• Given material:
=== Section Start ===
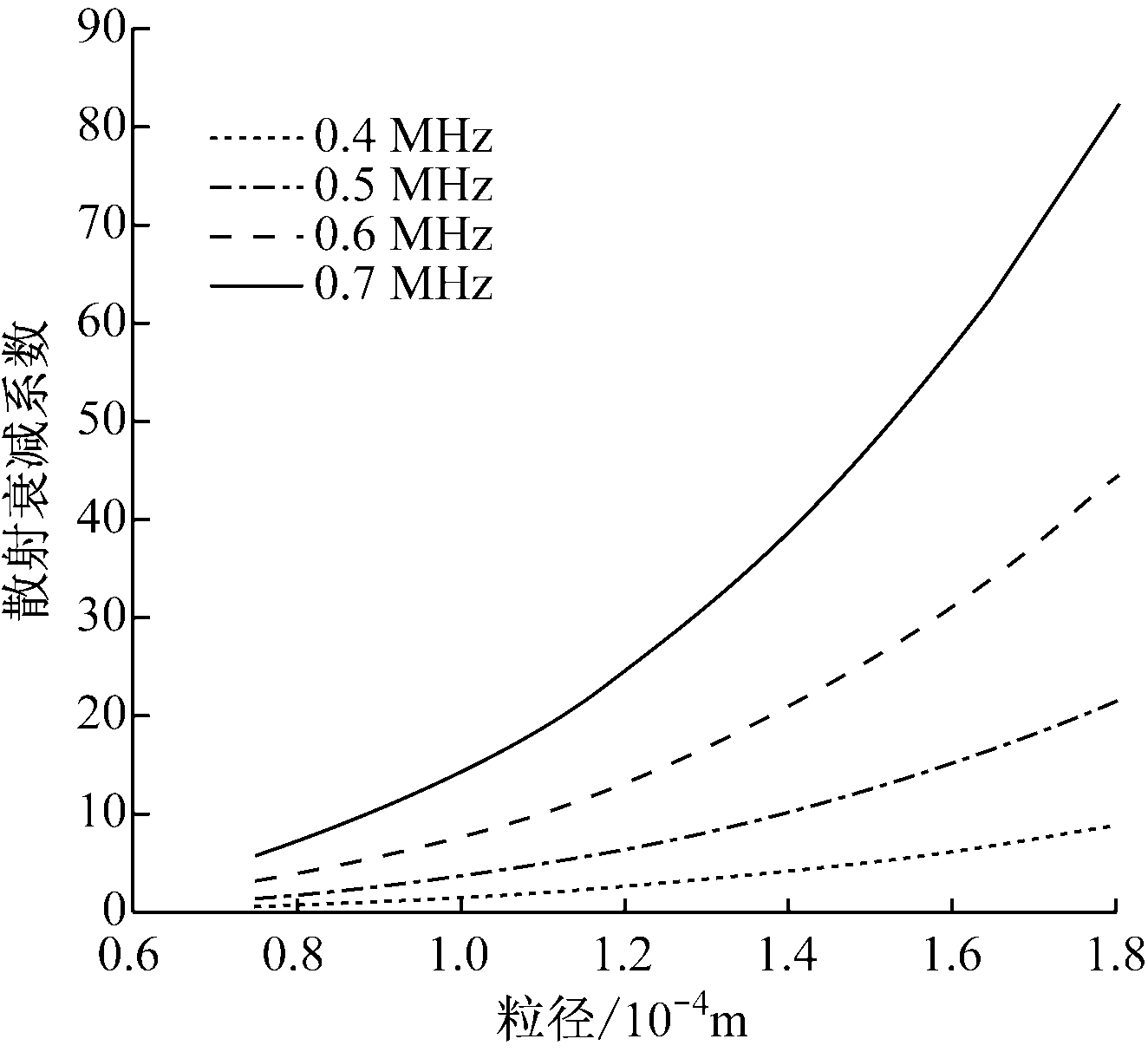 将尾矿浆粒径变化范围设为7.5×10-5~1.8×10-4m,超声波频率设为0.4,0.5,0.6,0.7 MHz,对超声波的散射衰减系数进行数值模拟仿真,尾矿浆粒径与散射衰减系数的关系曲线如图1所示。
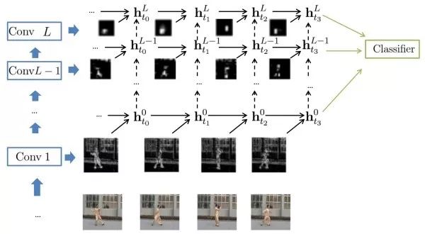 CNN+RNN捕获远距离依赖 之前的方法只能捕获几帧图像之间的依赖关系,这类方法旨在用CNN提取单帧图像特征,之后用RNN捕获帧之间的依赖。
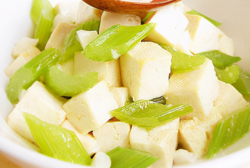 食材:北豆腐、芹菜、食盐、蒜、香油、水淀粉、高汤
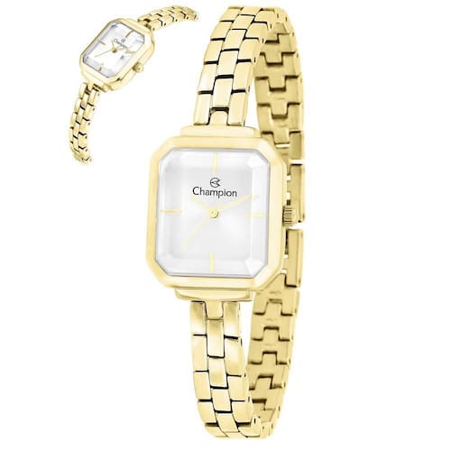 Relógio Champion Feminino Ref: Cf24895h Retangular Dourado DESCRIÇÃO DO PRODUTO: Caixa Em Metal Pulseira Em Metal Vidro de Cristal Mineral Fundo Resistente à Água 3 Atm Diâmetro / Largura da Caixa: 22.00 MM x 28.00 MM Funções: Analógico Mostrador Prateado Alimentação do Maquinário Bateria de 1 Ano Marca: Não Informado
=== Section End ===
• What is required: The whole listing, minus its images, should be repeated exactly.

• Reply to the task:
 将尾矿浆粒径变化范围设为7.5×10-5~1.8×10-4m,超声波频率设为0.4,0.5,0.6,0.7 MHz,对超声波的散射衰减系数进行数值模拟仿真,尾矿浆粒径与散射衰减系数的关系曲线如图1所示。
 CNN+RNN捕获远距离依赖 之前的方法只能捕获几帧图像之间的依赖关系,这类方法旨在用CNN提取单帧图像特征,之后用RNN捕获帧之间的依赖。
 食材:北豆腐、芹菜、食盐、蒜、香油、水淀粉、高汤
 Relógio Champion Feminino Ref: Cf24895h Retangular Dourado DESCRIÇÃO DO PRODUTO: Caixa Em Metal Pulseira Em Metal Vidro de Cristal Mineral Fundo Resistente à Água 3 Atm Diâmetro / Largura da Caixa: 22.00 MM x 28.00 MM Funções: Analógico Mostrador Prateado Alimentação do Maquinário Bateria de 1 Ano Marca: Não Informado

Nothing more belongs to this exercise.